I think the X1-MC will grow on me. I’ll be sure to post a follow-up later this year -- with summer arriving, I won’t be spending much time in front of the stereo. Until then, I’ll reserve final judgment. I did want to post this review as quickly as possible, though, because (a) the sale price on the X1-MC is very attractive, and may not last, and (b) I’m not sure this cartridge will be around at all in a few months. Specs for the X1-MC are now missing from Ortofon’s website (though the P-mount version, the X1-MCP, is still available). That fact, combined with the deep discounting, leads me to believe that this product may have been discontinued and dealers may now simply be clearing out old inventory. I contacted Needle Doctor via e-mail to find out, but they have yet to respond with an answer.

My tentative advice, for what it’s worth, is this. The Ortofon X1-MC is a great cartridge if you’re dusting off an old turntable and want something better than the usual Grado Black. (It certainly smoothes out inferior LPs, something analog newbies will unknowingly appreciate.) It’s also a great cartridge for those who have a slightly high-strung system that needs some calming down. Of course, at the price, it’s also a terrific alternative to most moving magnets in its price range. And if, like Burt Reynolds in “Boogie Nights,” you like your music “meeeellllowwww,” then don’t let Buck Swope sell you anything else but the X1-MC on your next trip to Super Stereo World.

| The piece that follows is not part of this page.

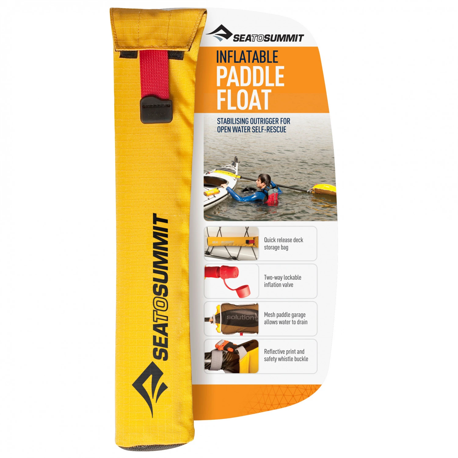 Sicherheit auf dem Wasser bietet der Inflatable Paddle Float von Sea to Summit! Der Einkammer-Paddelschwimmer lässt sich aufblasen und stabilisiert das Kajak im Falle einer Kenterung. Auch der Wiedereinstieg wird damit erleichtert. Der Zugriff ist einfach, Du musst nur an der roten Lasche ziehen.

Take it home, set it up, pour yourself a cup of hot chamomile tea, light one of those relaxation candles and take it easy. Just don’t blame Bun E. Carlos if Cheap Trick’s “Live at Budokan” sounds strangely sedate.

Associated gear
Denon DRA-395 stereo receiver with MM phono section
Rega P2 turntable (with P3 glass platter and None-Felt mat)
Luxman PD-284 turntable
Thorens TD115 turntable
Denon DL-160 moving coil cartridge
Grado Black moving iron cartridge
Stanton 500E MkII cartridge
Pioneer DV-563A universal disc player
Philips CDR-785 CD Recorder
ProAc Tablette 2000 loudspeakers
Radio Shack MegaCable 16-gauge speaker wire (bi-wired)
Various Kimber, Audioquest and MonsterCable interconnects
MonsterPower HTS2500 Power Center
AudioQuest MC cartridge demagnetizer
Record Doctor II record cleaning machine
Sennheiser HD580 Precision headphones
Sony ProAudio MDR-7506 studio monitor headphones
Grado 15’ headphone extension cable

Similar products
Audio-Technica 440ML
Audio-Technica OC7
Benz Micro MC20E2
Denon DL-160
Goldring Elan
Grado Black/Green/Silver
Ortofon OM10
Ortofon MC30 (with matching step-up transformer)
Rega Elys
Stanton 500E MkII
Stanton 880S
I got the same impressions from the X5. Sibilance was taken care of so well that you could tell the difference between a natural whistle that some one had when singing "s" and could tell there was no sibilance associated. That was incredible.

But the cart was real soft overall. I think you might get disinterested after a while vs using the DL-160 which has 10 times the verve.

Listening to the X5 really lets you hear how a vdH type stylus can retrieve detail without going edgy.